Tamara Thomas may want to consider becoming a store detective — she certainly has an eye for the job.

On Saturday, she prevented a fraud which should be a cautionary tale for anyone who relies on their bank debit card.

The Stone Mountain woman went to the Super Save grocery on Redan Road for chicken because she had a hankering for a sandwich in a style that she had loved since her childhood in Darien — fried chicken thigh with bone included.

When she tried to pay, she was missing her debit card.

She quickly deduced the card must have fallen from her pocket when she pulled out her phone to make call in the store. She couldn’t find it, so she used a credit card to pay for the food.

A headache had replaced the chicken craving, so she headed across the parking lot to the Family Dollar to buy Goody’s Powder to cure it.

It was at the Family Dollar that Thomas, a 41-year-old administrative assistant for an engineering organization, showed her detecting prowess.

“I saw a family — man, woman and young son — shopping like it was Christmas,” she said in a Facebook post that she shared with The Atlanta Journal-Constitution. “I looked at them grabbing toys and thought, ‘Someone hit the lottery.’ ”

She was a bit suspicious. According to a DeKalb County police report, Thomas noticed the family hadn’t even checked prices. At the cash register, she got in line behind the man as his wife left the store.

Sure enough, when it came time to pay for the nearly $200 in toys, the man whipped out a debit card and swiped it. Thomas could see that it was her customized card from Wells Fargo.

“I said, ‘Dude, that’s my card. Give me my card please,’” she said. “He says, ‘This is my wife’s card.’ I said, ‘No the hell it isn’t. Not with a picture of me, my daughter and puppy on the front. Give me my card.’”

By this time, the man’s son — whom Thomas described as about 11 or 12 — was looking at dad, who was still claiming the card belonged to him, in growing confusion, Thomas said. The man put his thumb over her picture, she said.

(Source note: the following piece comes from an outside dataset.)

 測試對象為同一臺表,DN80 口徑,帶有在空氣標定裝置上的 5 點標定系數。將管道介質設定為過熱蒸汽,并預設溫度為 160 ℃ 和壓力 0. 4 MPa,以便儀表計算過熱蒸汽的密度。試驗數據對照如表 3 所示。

The clerk then asked for the card. Thomas said she was calling 911. The man told the boy, “let’s go,” and both headed out the door, without the toys and with Thomas trailing.

“He tells his son and the woman that’s waiting outside on the Christmas gifts, ‘Come on and run,’ ” Thomas said. “As they take off running, I’m on the phone with DeKalb County 911. I get in my car to see where they are going. They run behind a church.”

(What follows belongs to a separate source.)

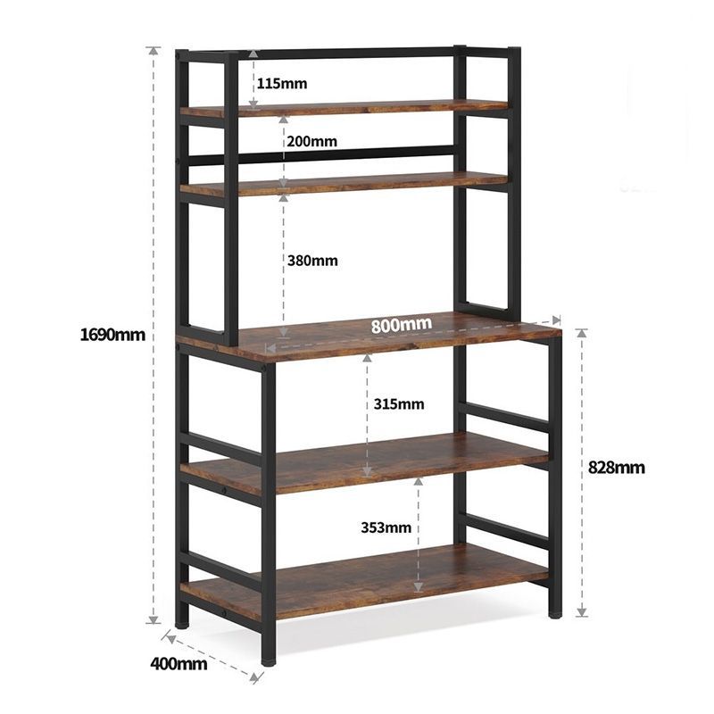 맞춤형 주방 선반 전자 레인지 베이킹 식기 보관 선반 바닥에 놓인 다층 강철 및 목재 펀치없는 보관 선반

A DeKalb police officer quickly apprehended Kahlif Aleem Buggs, 32, after a foot chase. Officer A.M. Cadieu found Thomas’ debit card in Buggs’ coat pocket, according to the police report.

“He stated he found a bank card on the ground at the Super Save and used it at the family dollar … he was sorry and could he just pay the lady for the stuff he bought and drop the whole thing,” Cadieu wrote in the report.

Cadieu arrested Buggs, who he noted had also purchased a case of Corona beer at a nearby Texaco. Thomas said that another person’s card was also found on Buggs and in about 20 minutes he had run up about $80 in purchases.

The beer and toys were handed over to a detective. The card was returned to Thomas.

Attempts to reach Buggs for comment were unsuccessful. A woman who described herself as his wife when The AJC called said he wasn’t available and she didn’t want to discuss the episode.

Thomas said she went home much more elated. One of the first things she did was make her chicken sandwich.